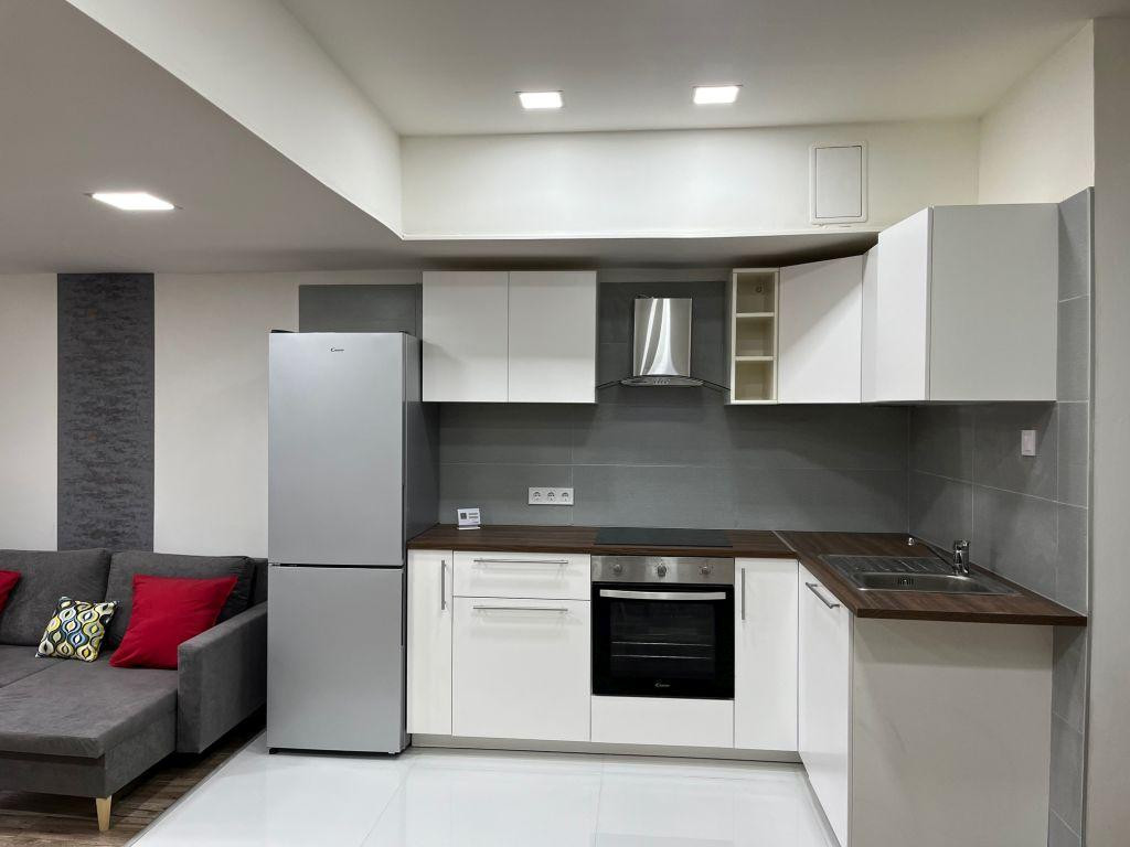 A 45 négyzetméteres lakás egy tágas amerikai konyhás nappaliból és a 25 négyzetméteres galérián kialakított 2 hálószobából áll, így ideális otthon lehet egy párnak vagy egy kisebb családnak. A nappali nagy ablakai természetes fényt engednek be, így az egész lakás világos és barátságos hangulatot sugároz.
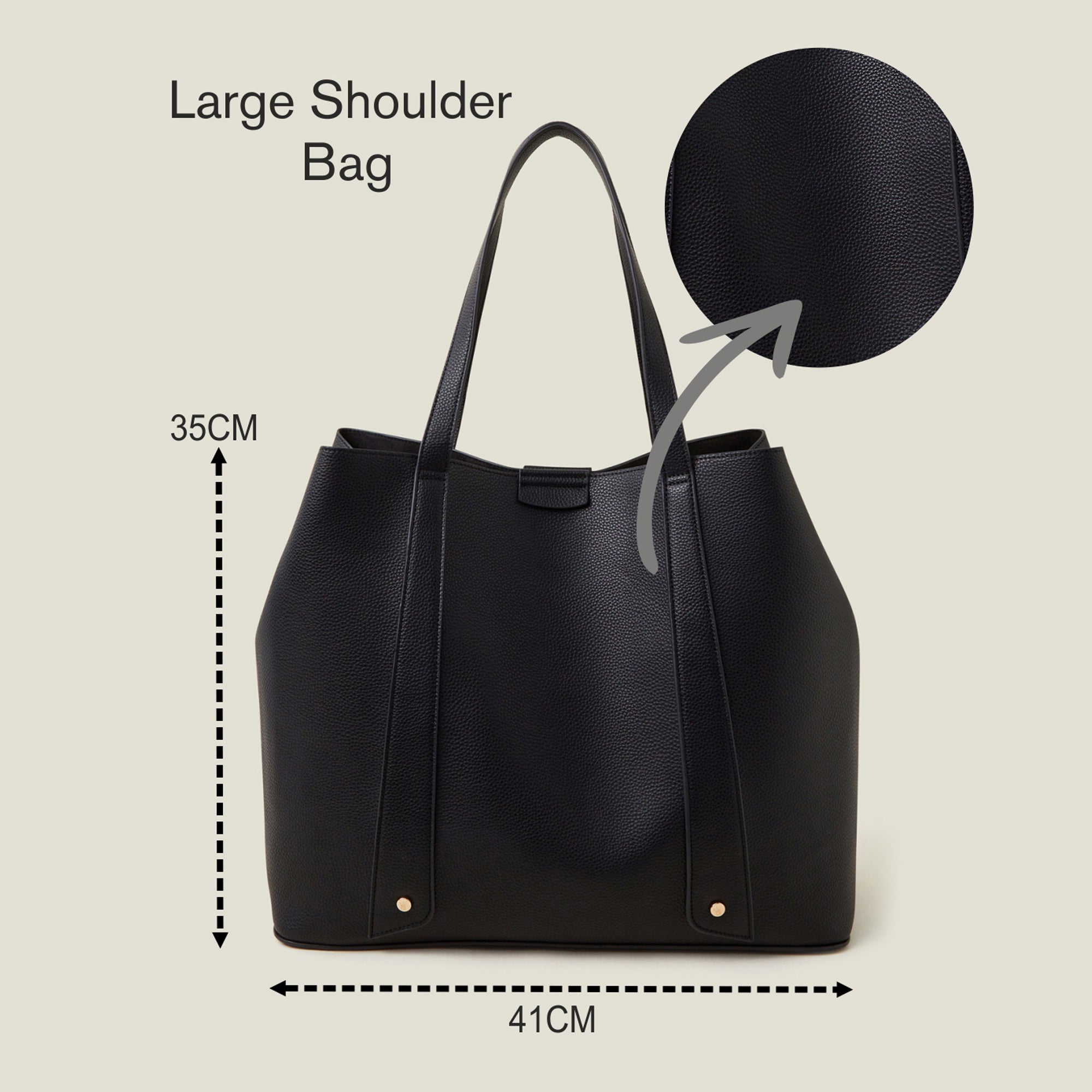 In soft, flexible faux leather, this shoulder bag was made to mould around your books, flask and purse. Its large size allows room for all your essentials, with long shoulder straps for comfort. Finished with an internal zip pocket and magnetic snap closure.
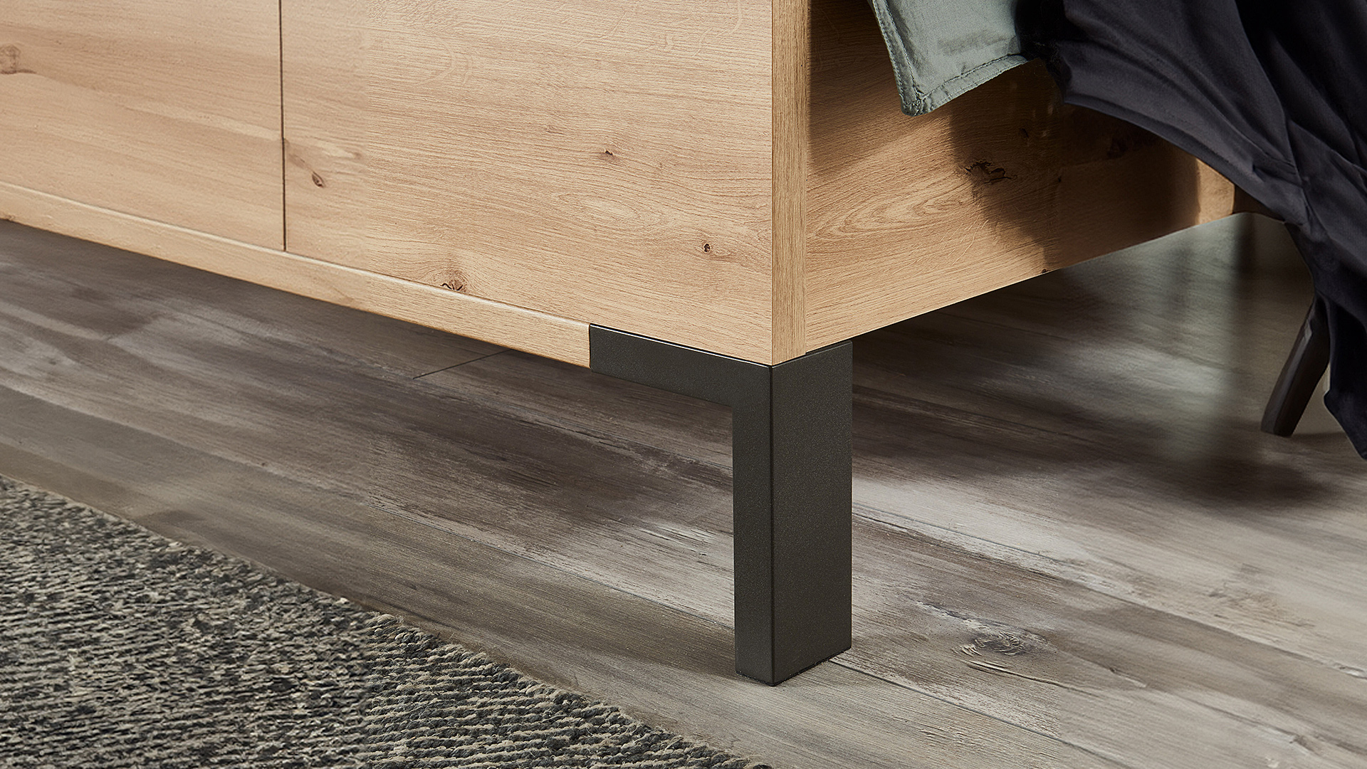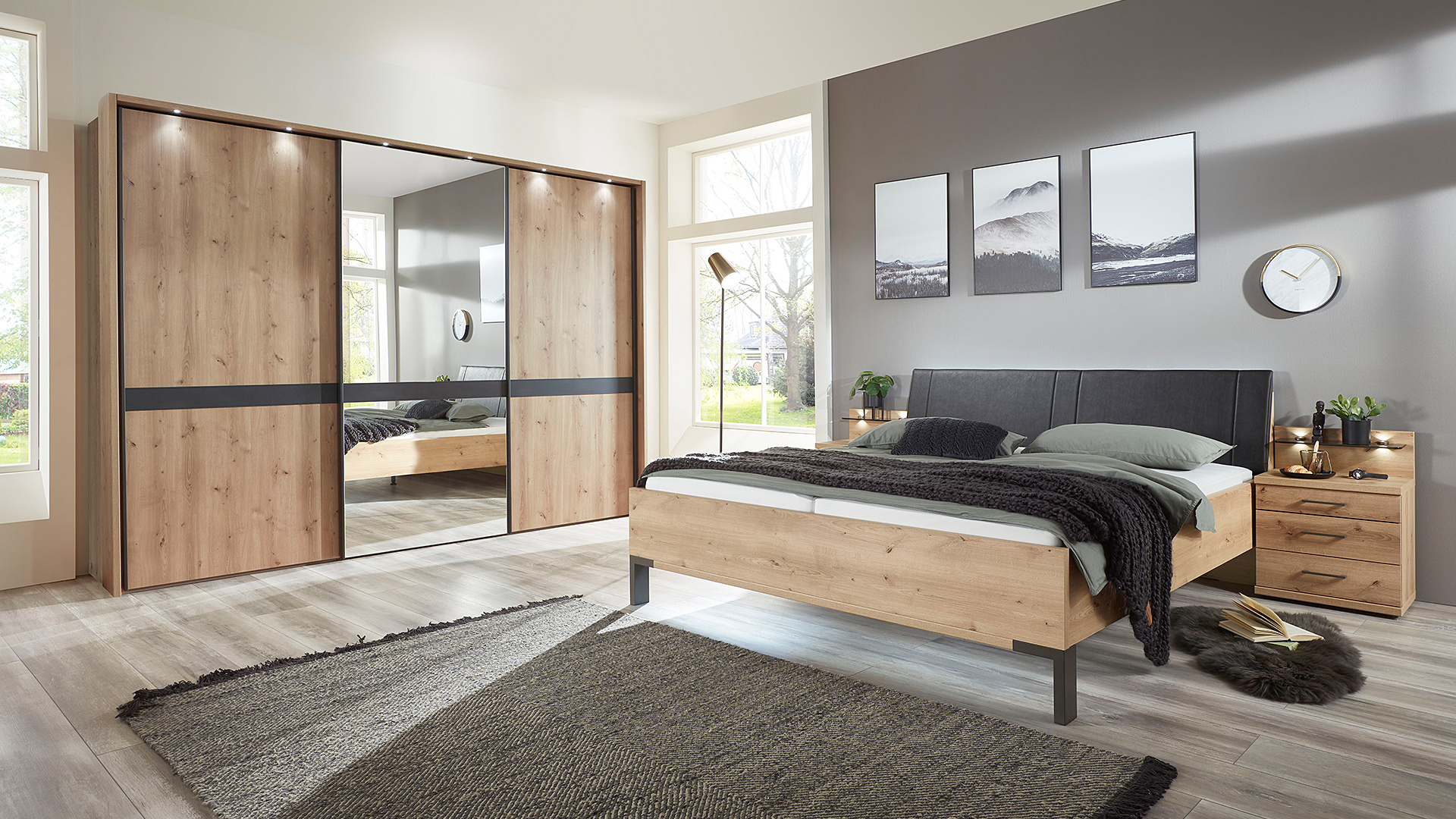 Machen Sie es sich in Ihrem neuen Bett aus dem Schlafraummöbel-Programm MEXIKO gemütlich. Dieses Modell überzeugt mit seiner Kombination aus Holzcharakter und modernen schieferfarbenen Akzenten, die sich in den Griffleisten, Griffen und Bettfüßen wiederfinden. Das Design ist schlicht und somit zeitlos, sodass Sie auch in vielen Jahren noch Freude am Anblick Ihres Schlafzimmers haben werden.
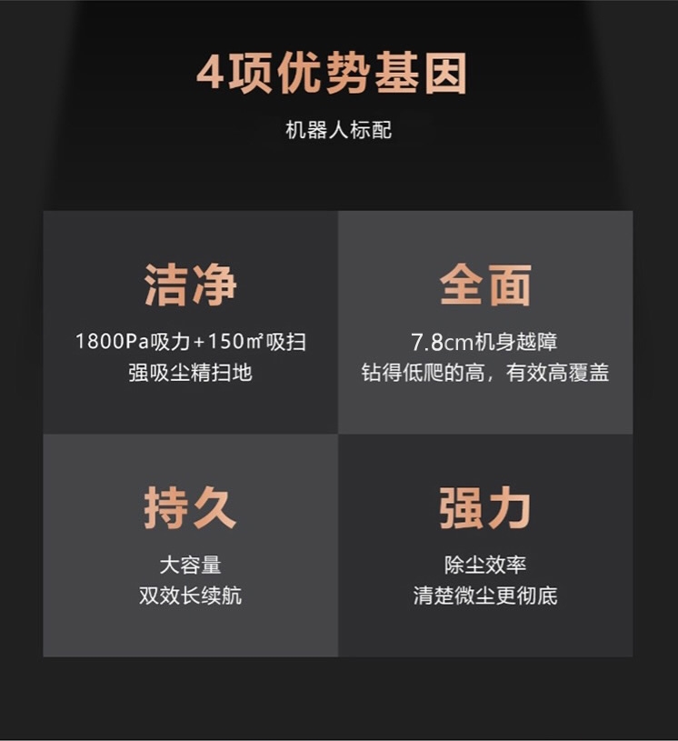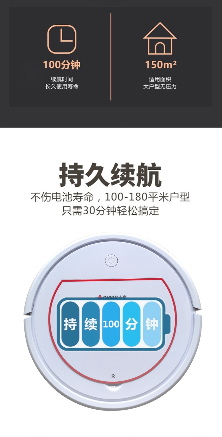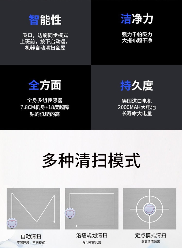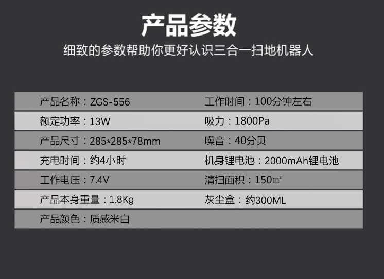 无电刷电动机,小于55DB低噪音;超长续航,采用2000毫安电池。;300ML尘盒,2000Pa强劲大吸力。

**YOUR INSTRUCTIONS**:
Transcribe the material exactly, and leave out whatever pictures it holds.

**EXERCISE RESPONSE**:
 A 45 négyzetméteres lakás egy tágas amerikai konyhás nappaliból és a 25 négyzetméteres galérián kialakított 2 hálószobából áll, így ideális otthon lehet egy párnak vagy egy kisebb családnak. A nappali nagy ablakai természetes fényt engednek be, így az egész lakás világos és barátságos hangulatot sugároz.
 In soft, flexible faux leather, this shoulder bag was made to mould around your books, flask and purse. Its large size allows room for all your essentials, with long shoulder straps for comfort. Finished with an internal zip pocket and magnetic snap closure.
 Machen Sie es sich in Ihrem neuen Bett aus dem Schlafraummöbel-Programm MEXIKO gemütlich. Dieses Modell überzeugt mit seiner Kombination aus Holzcharakter und modernen schieferfarbenen Akzenten, die sich in den Griffleisten, Griffen und Bettfüßen wiederfinden. Das Design ist schlicht und somit zeitlos, sodass Sie auch in vielen Jahren noch Freude am Anblick Ihres Schlafzimmers haben werden.
 无电刷电动机,小于55DB低噪音;超长续航,采用2000毫安电池。;300ML尘盒,2000Pa强劲大吸力。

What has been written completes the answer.